Social: Married, 3 children, worked as a photo journalist.
Precautions: MRSA L LE; History of seizures; Partial weight bearing 50 lbs. (PWB) L LE.
Cognition/language: Alert, oriented to time, place and person. Consistently follows simple verbal instructions, but occasional problem with complex verbal instructions. Utters several words appropriately in response to questions, but sentences are incomplete.
Sensation: Light touch appears intact right (R) upper extremity (UE), R LE, L UE, and distally L LE. Occasionally runs into objects on R when propelling wheelchair.
Motor: PROM intact R LE, L UE, R UE except mild limitation R MCP flexion and edema MCPs; L LE: Hip flexion 10-90 degrees, knee flexion 10-80 degrees, ankle dorsiflexion -5 degrees.
Tone: Mild increased flexor tone R UE and mild increased tone R plantarflexors, otherwise normal.

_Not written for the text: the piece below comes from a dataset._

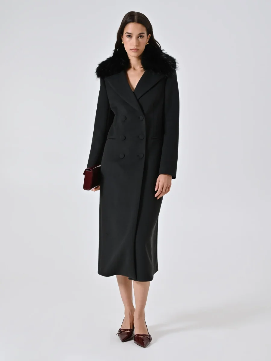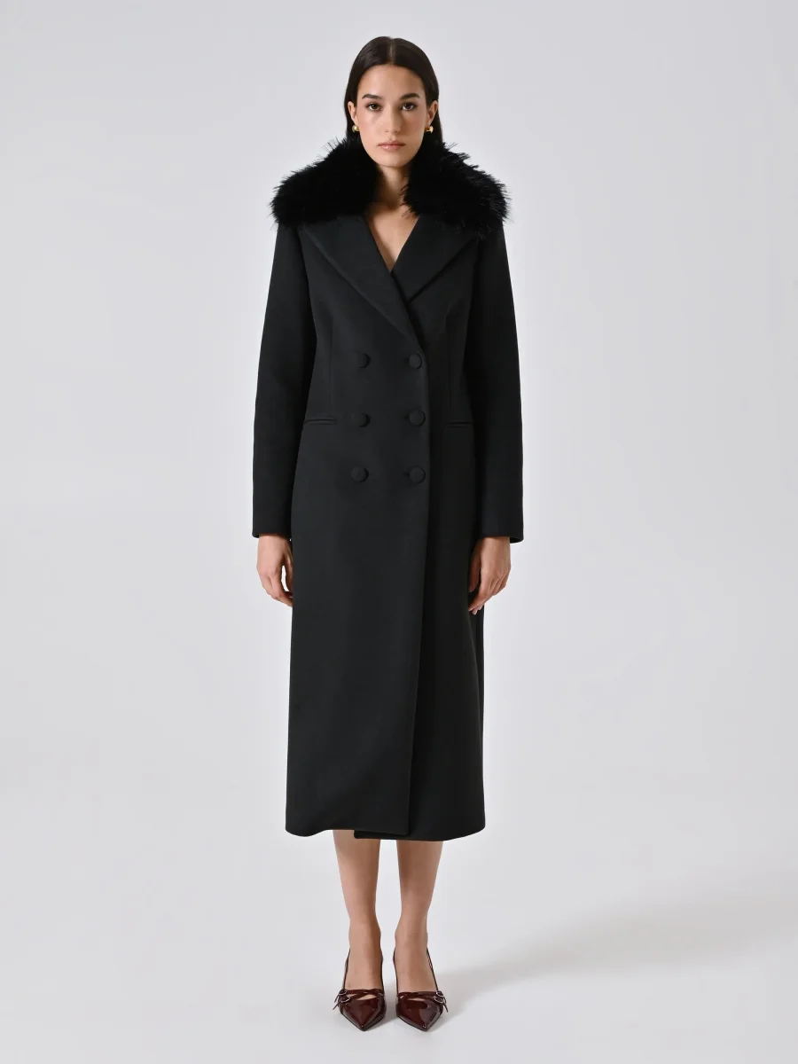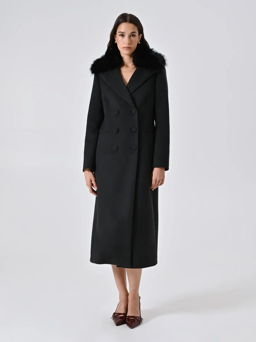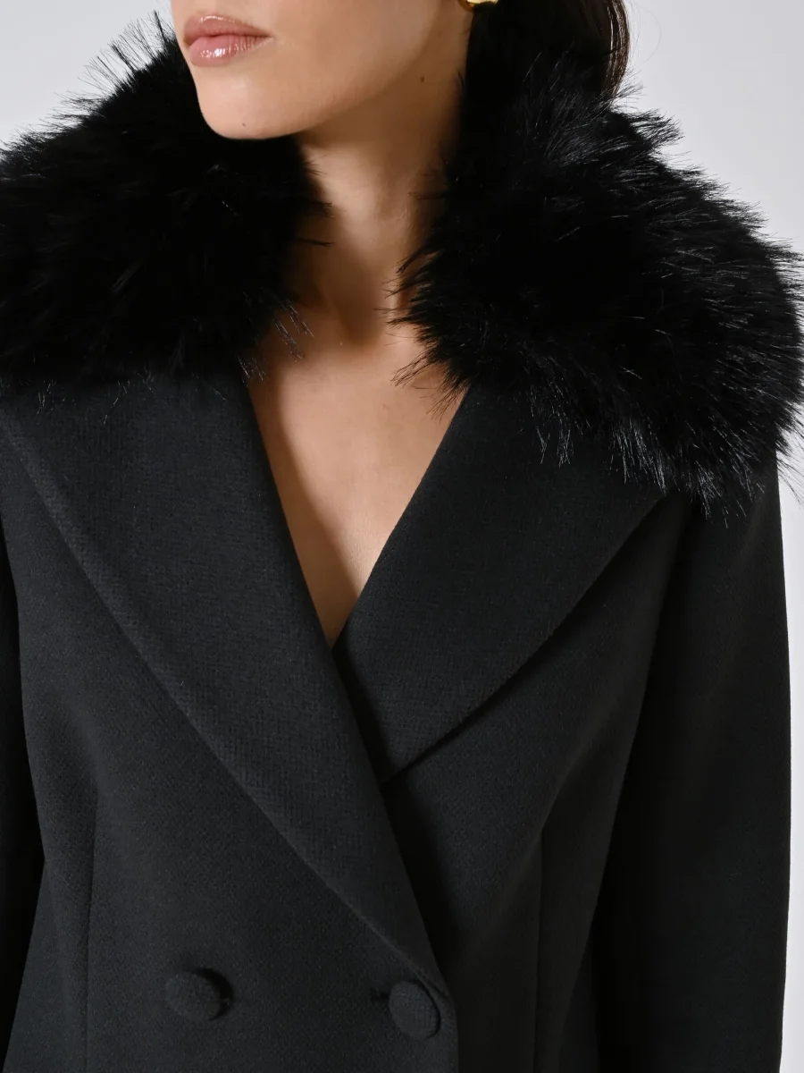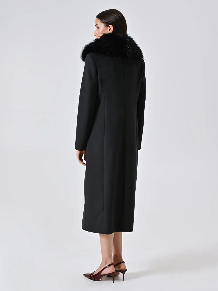Maxi Cappotto Nero misto Viscosa con Collo effetto Pelliccia

Strength: R UE 4/5, R LE 4+/5, L UE 5/5; L LE: 4/5 hip flexion, 3+/5 knee extension, 5/5 ankle dorsiflexion/plantarflexion. Pain 4/10 rating on PROM/AROM L knee.
Balance: Able to perform simple functional activities sitting at edge of bed with supervision and no loss of balance. Maintains standing with FWW, PWB L LE with minimal assistance.
Mobility: Minimal assistance moving supine to sitting at edge of bed. Maintains sitting at edge of bed with supervision. Minimal assistance for sliding board bed, chair, commode transfers, transferring to R. Modified independence manual wheelchair propulsion 300’ level surfaces; supervision for propelling wheelchair on minimum grade ramps. Able to tolerate sitting for 2 hours before requesting to go back to bed. Ambulation with FWW 300’ level surfaces with minimal assistance, PWB L LE. Minimal assistance up and down one 6” step with FWW.
A: Major impairments and activity limitations include:
1) Occasional word finding problems. Consistently follows simple verbal instructions, but occasional problem with complex verbal instructions
2) R visual field cut
3) R UE and LE weakness
4) L LE limited PROM, strength and pain due to femur fracture
5) Impaired balance in standing and walking
6) Limited endurance
7) Minimal assistance for all mobility. PWB L LE
1) Increase strength R UE and LE to 5/5 for increased use in ADLs.
2) Increase PROM R knee flexion to 90 degrees flexion, R hip and knee extension and R ankle dorsiflexion to neutral (0 degrees).
3) Supine to sitting with supervision.
4) Standing pivot transfers to bed, chair, commode with supervision, PWB L LE.
5) Modified independence manual wheelchair propulsion all surfaces.
6) Ambulation with FWW 500’ level surfaces with supervision, PWB L LE.
7) Supervision up and down one 6” step with FWW, PWB L LE.
8) Patient’s wife able to assist patient with all mobility independently.
Plan: Therapeutic exercise and mobility training 2x/day.